> _EXCERPTED DATA_
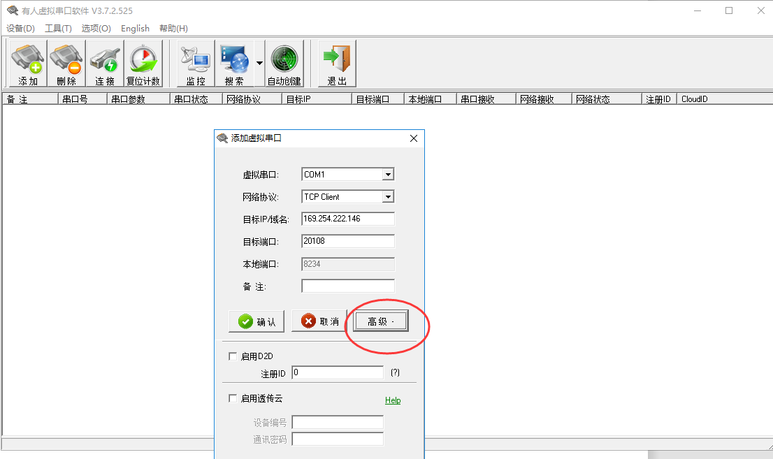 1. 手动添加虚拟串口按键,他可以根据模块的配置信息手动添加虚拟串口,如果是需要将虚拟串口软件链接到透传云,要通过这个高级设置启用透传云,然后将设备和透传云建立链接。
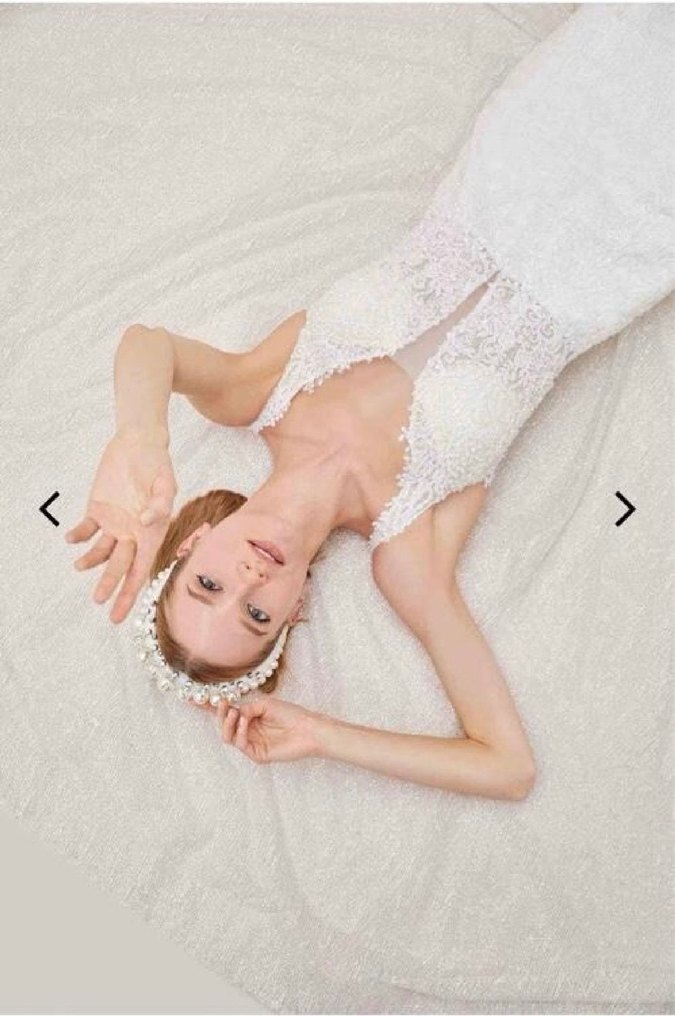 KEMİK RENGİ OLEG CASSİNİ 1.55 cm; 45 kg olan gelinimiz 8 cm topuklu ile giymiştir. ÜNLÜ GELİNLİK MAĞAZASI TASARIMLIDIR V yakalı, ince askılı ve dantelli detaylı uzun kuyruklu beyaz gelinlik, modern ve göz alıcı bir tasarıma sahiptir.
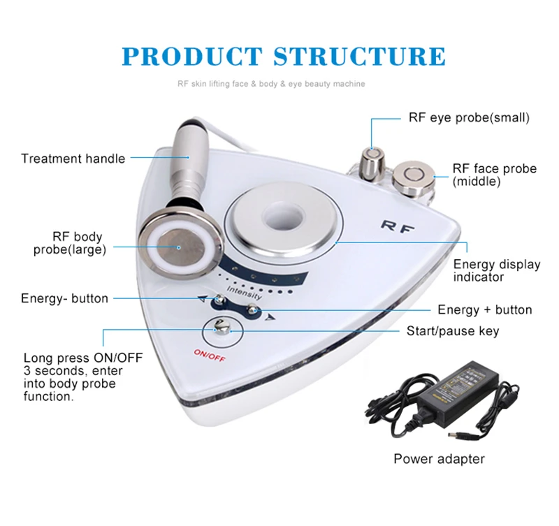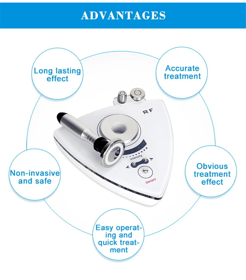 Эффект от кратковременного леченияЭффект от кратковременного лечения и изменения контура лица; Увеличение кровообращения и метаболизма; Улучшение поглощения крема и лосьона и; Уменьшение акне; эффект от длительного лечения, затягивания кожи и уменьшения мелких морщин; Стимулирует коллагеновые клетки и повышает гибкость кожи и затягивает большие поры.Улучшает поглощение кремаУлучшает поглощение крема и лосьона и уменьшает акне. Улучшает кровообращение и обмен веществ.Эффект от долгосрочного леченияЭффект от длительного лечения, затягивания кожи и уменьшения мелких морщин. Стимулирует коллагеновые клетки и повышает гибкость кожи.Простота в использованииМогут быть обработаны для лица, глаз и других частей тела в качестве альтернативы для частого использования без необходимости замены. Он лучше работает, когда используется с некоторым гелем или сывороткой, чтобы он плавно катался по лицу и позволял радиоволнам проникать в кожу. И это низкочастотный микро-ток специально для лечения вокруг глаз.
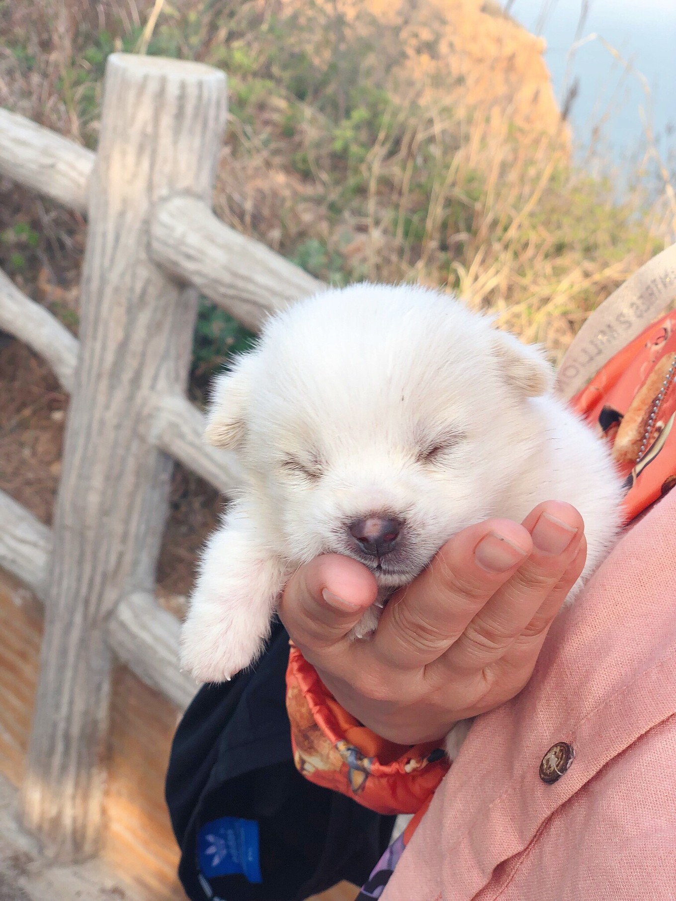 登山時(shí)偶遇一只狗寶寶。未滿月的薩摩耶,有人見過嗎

...

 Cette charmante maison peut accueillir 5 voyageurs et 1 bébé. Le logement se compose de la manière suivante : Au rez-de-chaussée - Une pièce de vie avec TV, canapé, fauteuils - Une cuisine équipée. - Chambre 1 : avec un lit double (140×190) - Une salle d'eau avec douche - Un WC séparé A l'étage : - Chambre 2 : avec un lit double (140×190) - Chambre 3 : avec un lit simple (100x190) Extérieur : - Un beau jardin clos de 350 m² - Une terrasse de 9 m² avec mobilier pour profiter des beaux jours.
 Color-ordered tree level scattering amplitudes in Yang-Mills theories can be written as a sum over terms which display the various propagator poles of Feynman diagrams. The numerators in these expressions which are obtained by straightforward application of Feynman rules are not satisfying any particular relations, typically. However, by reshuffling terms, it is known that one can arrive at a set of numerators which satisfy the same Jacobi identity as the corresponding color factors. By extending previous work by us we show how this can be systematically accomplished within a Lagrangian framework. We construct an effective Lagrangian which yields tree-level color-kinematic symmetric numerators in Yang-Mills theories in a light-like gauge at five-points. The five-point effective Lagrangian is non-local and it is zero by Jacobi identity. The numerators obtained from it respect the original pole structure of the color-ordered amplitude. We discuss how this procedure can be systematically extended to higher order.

> _TASK GOAL_
Look above for the line with "1. 手动添加虚拟串口按键,他可以根据模" and the line with "登山時(shí)偶遇一只狗寶寶。未滿月的薩摩耶,有人見過嗎", then restate exactly those two lines and all lines between them, with no pictures.

> _RESPONSE TO THE EXERCISE_
 1. 手动添加虚拟串口按键,他可以根据模块的配置信息手动添加虚拟串口,如果是需要将虚拟串口软件链接到透传云,要通过这个高级设置启用透传云,然后将设备和透传云建立链接。
 KEMİK RENGİ OLEG CASSİNİ 1.55 cm; 45 kg olan gelinimiz 8 cm topuklu ile giymiştir. ÜNLÜ GELİNLİK MAĞAZASI TASARIMLIDIR V yakalı, ince askılı ve dantelli detaylı uzun kuyruklu beyaz gelinlik, modern ve göz alıcı bir tasarıma sahiptir.
 Эффект от кратковременного леченияЭффект от кратковременного лечения и изменения контура лица; Увеличение кровообращения и метаболизма; Улучшение поглощения крема и лосьона и; Уменьшение акне; эффект от длительного лечения, затягивания кожи и уменьшения мелких морщин; Стимулирует коллагеновые клетки и повышает гибкость кожи и затягивает большие поры.Улучшает поглощение кремаУлучшает поглощение крема и лосьона и уменьшает акне. Улучшает кровообращение и обмен веществ.Эффект от долгосрочного леченияЭффект от длительного лечения, затягивания кожи и уменьшения мелких морщин. Стимулирует коллагеновые клетки и повышает гибкость кожи.Простота в использованииМогут быть обработаны для лица, глаз и других частей тела в качестве альтернативы для частого использования без необходимости замены. Он лучше работает, когда используется с некоторым гелем или сывороткой, чтобы он плавно катался по лицу и позволял радиоволнам проникать в кожу. И это низкочастотный микро-ток специально для лечения вокруг глаз.
 登山時(shí)偶遇一只狗寶寶。未滿月的薩摩耶,有人見過嗎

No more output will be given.